#### [EXERCISE INSTRUCTIONS]
Exactly as written, return every line of the data below.

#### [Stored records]
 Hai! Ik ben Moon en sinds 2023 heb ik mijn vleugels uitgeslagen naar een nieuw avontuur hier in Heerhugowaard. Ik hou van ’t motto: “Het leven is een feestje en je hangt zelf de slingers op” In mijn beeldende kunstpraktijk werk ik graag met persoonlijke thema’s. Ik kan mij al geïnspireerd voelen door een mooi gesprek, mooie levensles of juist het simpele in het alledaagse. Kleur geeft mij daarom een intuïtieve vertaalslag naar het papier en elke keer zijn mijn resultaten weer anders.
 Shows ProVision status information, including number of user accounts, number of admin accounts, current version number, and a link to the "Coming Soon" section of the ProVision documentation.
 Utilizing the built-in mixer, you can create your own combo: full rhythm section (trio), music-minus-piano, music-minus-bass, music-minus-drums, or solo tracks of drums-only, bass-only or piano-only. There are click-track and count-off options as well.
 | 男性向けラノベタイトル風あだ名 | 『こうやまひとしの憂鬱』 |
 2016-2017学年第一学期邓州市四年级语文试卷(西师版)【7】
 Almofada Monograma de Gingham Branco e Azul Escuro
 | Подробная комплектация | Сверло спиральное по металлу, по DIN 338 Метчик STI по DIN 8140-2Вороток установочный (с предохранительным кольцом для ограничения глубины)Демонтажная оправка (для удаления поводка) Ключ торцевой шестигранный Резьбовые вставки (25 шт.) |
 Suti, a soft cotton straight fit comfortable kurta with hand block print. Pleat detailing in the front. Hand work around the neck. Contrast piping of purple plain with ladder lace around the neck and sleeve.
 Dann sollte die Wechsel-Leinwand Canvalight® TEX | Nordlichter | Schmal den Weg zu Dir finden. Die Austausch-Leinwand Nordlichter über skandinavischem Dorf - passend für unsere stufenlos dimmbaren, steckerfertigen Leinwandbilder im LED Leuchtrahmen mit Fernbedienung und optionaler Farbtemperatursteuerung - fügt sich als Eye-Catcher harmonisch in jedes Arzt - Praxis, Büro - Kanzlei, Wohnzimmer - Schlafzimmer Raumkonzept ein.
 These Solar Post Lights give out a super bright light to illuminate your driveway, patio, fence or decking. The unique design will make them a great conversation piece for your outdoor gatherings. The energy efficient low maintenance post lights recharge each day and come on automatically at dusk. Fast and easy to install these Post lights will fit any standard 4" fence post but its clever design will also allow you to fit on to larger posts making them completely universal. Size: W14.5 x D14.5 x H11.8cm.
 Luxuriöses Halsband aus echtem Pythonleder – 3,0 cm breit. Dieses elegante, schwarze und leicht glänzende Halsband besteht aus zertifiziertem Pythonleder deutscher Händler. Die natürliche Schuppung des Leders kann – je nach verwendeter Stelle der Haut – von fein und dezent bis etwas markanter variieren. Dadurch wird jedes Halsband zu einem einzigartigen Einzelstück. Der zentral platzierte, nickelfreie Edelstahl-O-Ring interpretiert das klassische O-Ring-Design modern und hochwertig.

#### [RESPONSE AREA]
 Hai! Ik ben Moon en sinds 2023 heb ik mijn vleugels uitgeslagen naar een nieuw avontuur hier in Heerhugowaard. Ik hou van ’t motto: “Het leven is een feestje en je hangt zelf de slingers op” In mijn beeldende kunstpraktijk werk ik graag met persoonlijke thema’s. Ik kan mij al geïnspireerd voelen door een mooi gesprek, mooie levensles of juist het simpele in het alledaagse. Kleur geeft mij daarom een intuïtieve vertaalslag naar het papier en elke keer zijn mijn resultaten weer anders.
 Shows ProVision status information, including number of user accounts, number of admin accounts, current version number, and a link to the "Coming Soon" section of the ProVision documentation.
 Utilizing the built-in mixer, you can create your own combo: full rhythm section (trio), music-minus-piano, music-minus-bass, music-minus-drums, or solo tracks of drums-only, bass-only or piano-only. There are click-track and count-off options as well.
 | 男性向けラノベタイトル風あだ名 | 『こうやまひとしの憂鬱』 |
 2016-2017学年第一学期邓州市四年级语文试卷(西师版)【7】
 Almofada Monograma de Gingham Branco e Azul Escuro
 | Подробная комплектация | Сверло спиральное по металлу, по DIN 338 Метчик STI по DIN 8140-2Вороток установочный (с предохранительным кольцом для ограничения глубины)Демонтажная оправка (для удаления поводка) Ключ торцевой шестигранный Резьбовые вставки (25 шт.) |
 Suti, a soft cotton straight fit comfortable kurta with hand block print. Pleat detailing in the front. Hand work around the neck. Contrast piping of purple plain with ladder lace around the neck and sleeve.
 Dann sollte die Wechsel-Leinwand Canvalight® TEX | Nordlichter | Schmal den Weg zu Dir finden. Die Austausch-Leinwand Nordlichter über skandinavischem Dorf - passend für unsere stufenlos dimmbaren, steckerfertigen Leinwandbilder im LED Leuchtrahmen mit Fernbedienung und optionaler Farbtemperatursteuerung - fügt sich als Eye-Catcher harmonisch in jedes Arzt - Praxis, Büro - Kanzlei, Wohnzimmer - Schlafzimmer Raumkonzept ein.
 These Solar Post Lights give out a super bright light to illuminate your driveway, patio, fence or decking. The unique design will make them a great conversation piece for your outdoor gatherings. The energy efficient low maintenance post lights recharge each day and come on automatically at dusk. Fast and easy to install these Post lights will fit any standard 4" fence post but its clever design will also allow you to fit on to larger posts making them completely universal. Size: W14.5 x D14.5 x H11.8cm.
 Luxuriöses Halsband aus echtem Pythonleder – 3,0 cm breit. Dieses elegante, schwarze und leicht glänzende Halsband besteht aus zertifiziertem Pythonleder deutscher Händler. Die natürliche Schuppung des Leders kann – je nach verwendeter Stelle der Haut – von fein und dezent bis etwas markanter variieren. Dadurch wird jedes Halsband zu einem einzigartigen Einzelstück. Der zentral platzierte, nickelfreie Edelstahl-O-Ring interpretiert das klassische O-Ring-Design modern und hochwertig.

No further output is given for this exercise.